- Born: Arthur Frank Shore 14 November 1924
- Died: 27 November 1994 (aged 70)
- Citizenship: United Kingdom
- Spouse: Patricia ​(m. 1952)​
- Children: Four

Academic background
- Alma mater: King's College, Cambridge

Academic work
- Discipline: Egyptologist
- Sub-discipline: Roman Egypt; Late Antiquity; art of ancient Egypt; archaeology of Ancient Egypt; Christianity in Egypt; Coptic language;
- Institutions: King's College, Cambridge; British Museum; University of Liverpool;

= A. F. Shore =

British Egyptologist, academic, and museum curator

Arthur Frank "Peter" Shore (14 November 1924 – 27 November 1994) was a British Egyptologist, academic and museum curator, who specialised in Roman Egypt and Late Antiquity. He took degrees in classics and Oriental studies (Egyptology) at the University of Cambridge, before being elected a Fellow of King's College, Cambridge in 1955. He then worked at the British Museum from 1957 to 1974, and was Brunner Professor of Egyptology at the University of Liverpool from 1974 to 1991.

==Early life and education==
Shore was born on 14 November 1924 in Aldbury, Hertfordshire, England. He was educated at Cardinal Vaughan Memorial School, then a private Catholic school in London. He studied classics at King's College, Cambridge, graduating with a Bachelor of Arts (BA) degree in 1949. His university studies were interrupted by service in the British Army during the Second World War. He then took a second undergraduate degree in Oriental studies, and specialised in Egyptology under Stephen Glanville, achieving first class honours in 1952.

==Career==
Shore was elected a Fellow of King's College, Cambridge in 1955. He was an assistant keeper at the British Museum from 1957 to 1974, and the Brunner Professor of Egyptology at the University of Liverpool from 1974 to 1991. In retirement, he was chairman of the Egypt Exploration Society.

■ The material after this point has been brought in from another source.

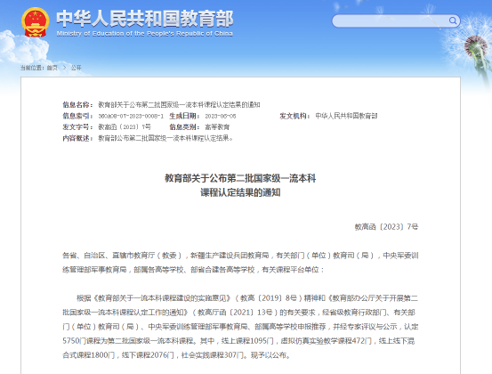 近日,教育部印发《教育部关于公布第二批国家级一流本科课程认定结果的通知》(教高函〔2023〕7号)正式公布第二批国家级一流本科课程认定结果。beat365官网3门课程获得认定,其中虚拟仿真实验教学一流课程1门,线下一流课程1门,线上线下混合式一流课程1门,实现了线上线下混合式一流课程的首次国家级认定。截至目前,学校共获批国家级一流本科课程7门。

Shore began his career as a philologist, before moving into the art and material culture of Ancient Egypt. Among his research interests were the Fayum mummy portraits, Christianity in Egypt, and the Coptic language. His only excavation experience was as part of the rescue excavations before the building of the Aswan Dam in the 1960s, and was attached to the Polish team at Faras.

In 1994, a Festschrift was published in his honour titled "The Unbroken Reed: Studies in the Culture and Heritage of Ancient Egypt".

==Personal life==
Shore was a devout Roman Catholic. Although he always published as A. F. Shore, he was known to friends as Peter. In 1952, he married Patricia ( Tillett). Together they had two sons, two daughters, and, at the time of his death, ten grandchildren.

Shore had periods of ill-health throughout his life, including a bout of tuberculosis that meant he spent months in a sanatorium and lost the use of one lung. Having been seriously ill for months, he died on 27 November 1994, aged 70.

==Selected works==
- Shore, A. F. (1962). "Portrait Painting from Roman Egypt"
- Shore, A. F. (1963). "Joshua I—VI and Other Passages in Coptic Edited from a Fourth-Century Sahidic Codex in the Chester Beatty Library, Dublin."
- Shore, A. F. (1971). "The Legacy of Egypt"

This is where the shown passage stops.